Pursuant to the above system, in all motion vector information-containing images subject to object detection, an amount of displacement of an object is determined in accordance with motion vector information, thereby tracking the object. This feature realizes object detection with a further less amount of processing.

A third aspect of the present invention provides the image-processing method as defined in the first aspect of the present invention, further comprising: counting the number of frames in which an object is tracked by the determining the amount of displacement of the detected object in accordance with information on the motion vector of the encoded moving image, the detected object being the object detected by the detecting the object by matching the template image with the image subject to object detection; and, comparing a reference frame number with the number of the frames counted by the counting the number of the frames in which the object is tracked, wherein when the number of the frames counted by the counting the number of the frames in which the object is tracked is greater than the reference frame number, then object detection is performed by the detecting the object by matching the template image with the image subject to object detection.

This feature resets an accumulated error due to motion vector information-based object tacking, and provides improved accuracy of detection.

A fourth aspect of the present invention provides the image-processing method as defined in the first aspect of the present invention, wherein the detecting the object by matching the template image with the image subject to object detection comprises: comparing a reference value with a similarity value between the template image and the image subject to object detection; and employing results from the detection of an object in at least one frame behind when the similarity value is smaller than the reference value, in order to practice object detection in an intra-coded picture (I-picture).

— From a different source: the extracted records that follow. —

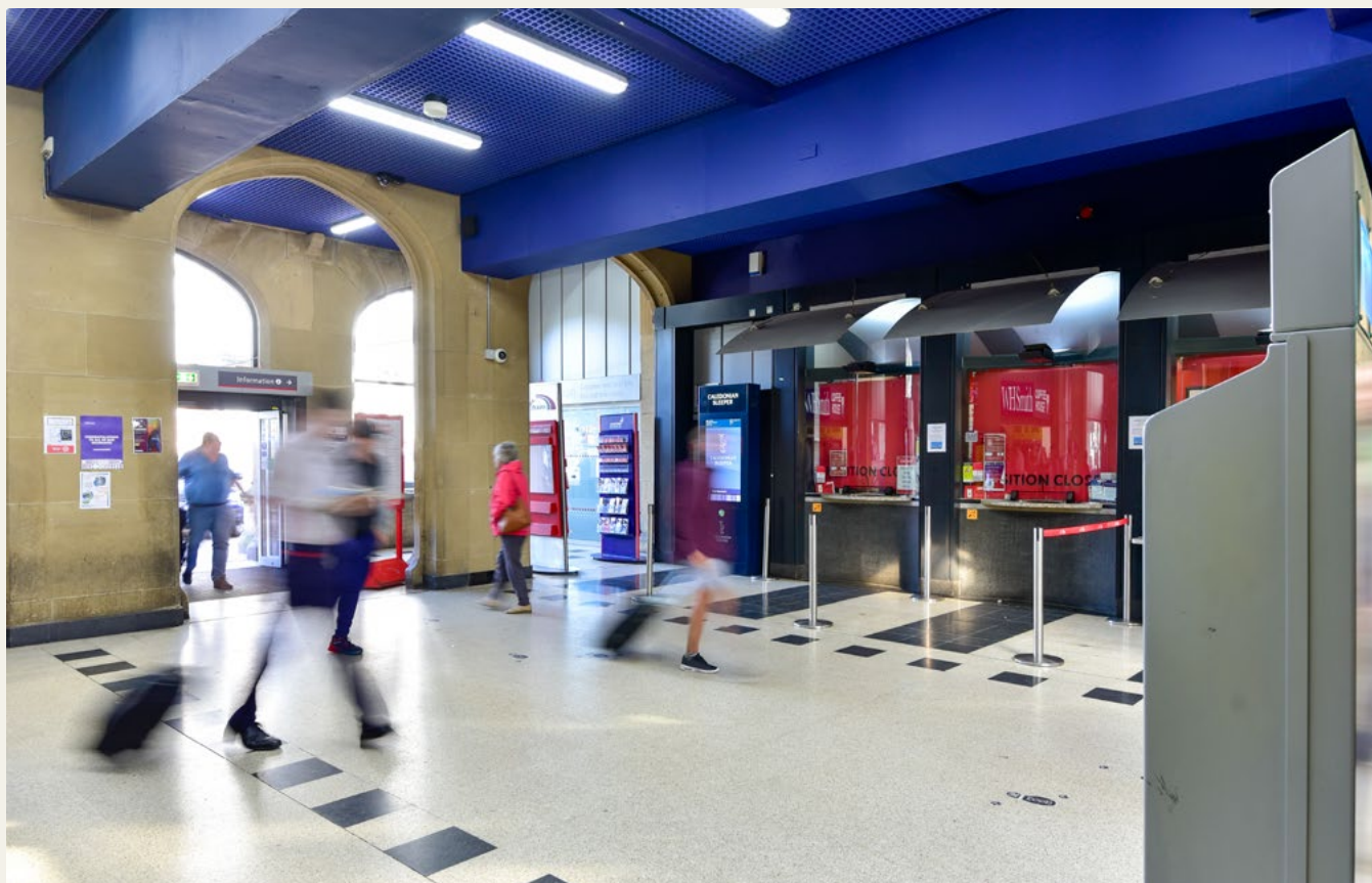
Photo: Carlisle Station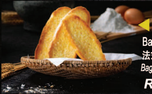
◀ 113 Banh Mi Duong Bo 法式吐司 (奶油/糖) Baguette Toast Butter / Sugar RM6.20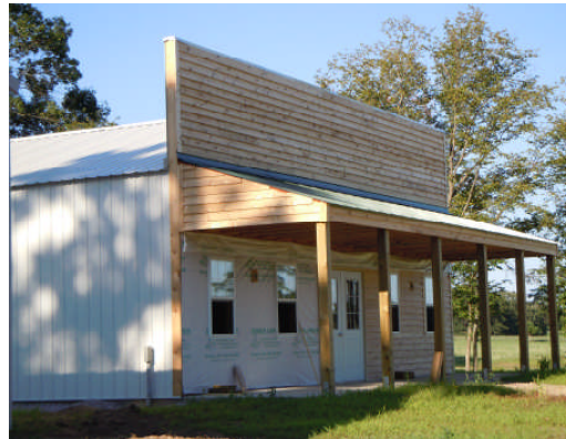
July 21 – the Women's Building, still under construction but getting close to completion.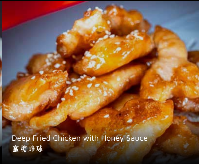
Deep Fried Chicken with Honey Sauce 蜜糖雞球

This feature makes it feasible to predict a position of an object in accordance with results from the detection of another object in one frame behind, even in failure of template matching-based object detection.

A fifth aspect of the present invention provides the image-processing method as defined in the first aspect of the present invention, further comprising: decoding an encoded moving image, thereby generating the image subject to object detection; editing the image subject to object detection as a first image; and composing the edited first image with a second image, thereby producing a composed image, wherein the detecting the object by matching the template image with the image subject to object detection includes providing information on a position of a detected object, wherein the determining the amount of displacement of the detected object in accordance with information on the motion vector of the encoded moving image, the detected object being the object detected by the detecting the object by matching the template image with the image subject to object detection includes providing information on a position of a displaced object, and wherein the editing the image subject to object detection as the first image includes editing the first image in accordance with the information on the position.

This feature edits an object to be detected (e.g., the centering of the object), even when the object is displaced from the center of the first image. Consequently, the edited first image is successfully composed with the second image.

A sixth aspect of the present invention provides the image-processing method as defined in the first aspect of the present invention, further comprising: detecting a scene change in the image subject to object detection, wherein an object in the image subject to object detection in which a scene has been changed is detected by the detecting the object by matching the template image with the image subject to object detection.

According to the above system, an object in an I-picture containing null motion vector is detectable.

A seventh aspect of the present invention provides an image-processing method comprising: detecting any object in a moving image; editing the moving image in accordance with information on a position of the detected object; composing the edited moving image with another moving image; and encoding and compressing the composed image.

This feature edits an object to be detected (e.g., the centering of the object), even when the object is displaced from the center of the moving image. Consequently, the edited image is successfully composed with another moving image.

An eight aspect of the present invention provides the image-processing method as defined in the first aspect of the present invention, wherein the object to be detected is a human face.

According to the above system, a human face (an object) is detectable with a less amount of processing, when compared with the template matching-based detection of the human face (object) in all images subject to object detection.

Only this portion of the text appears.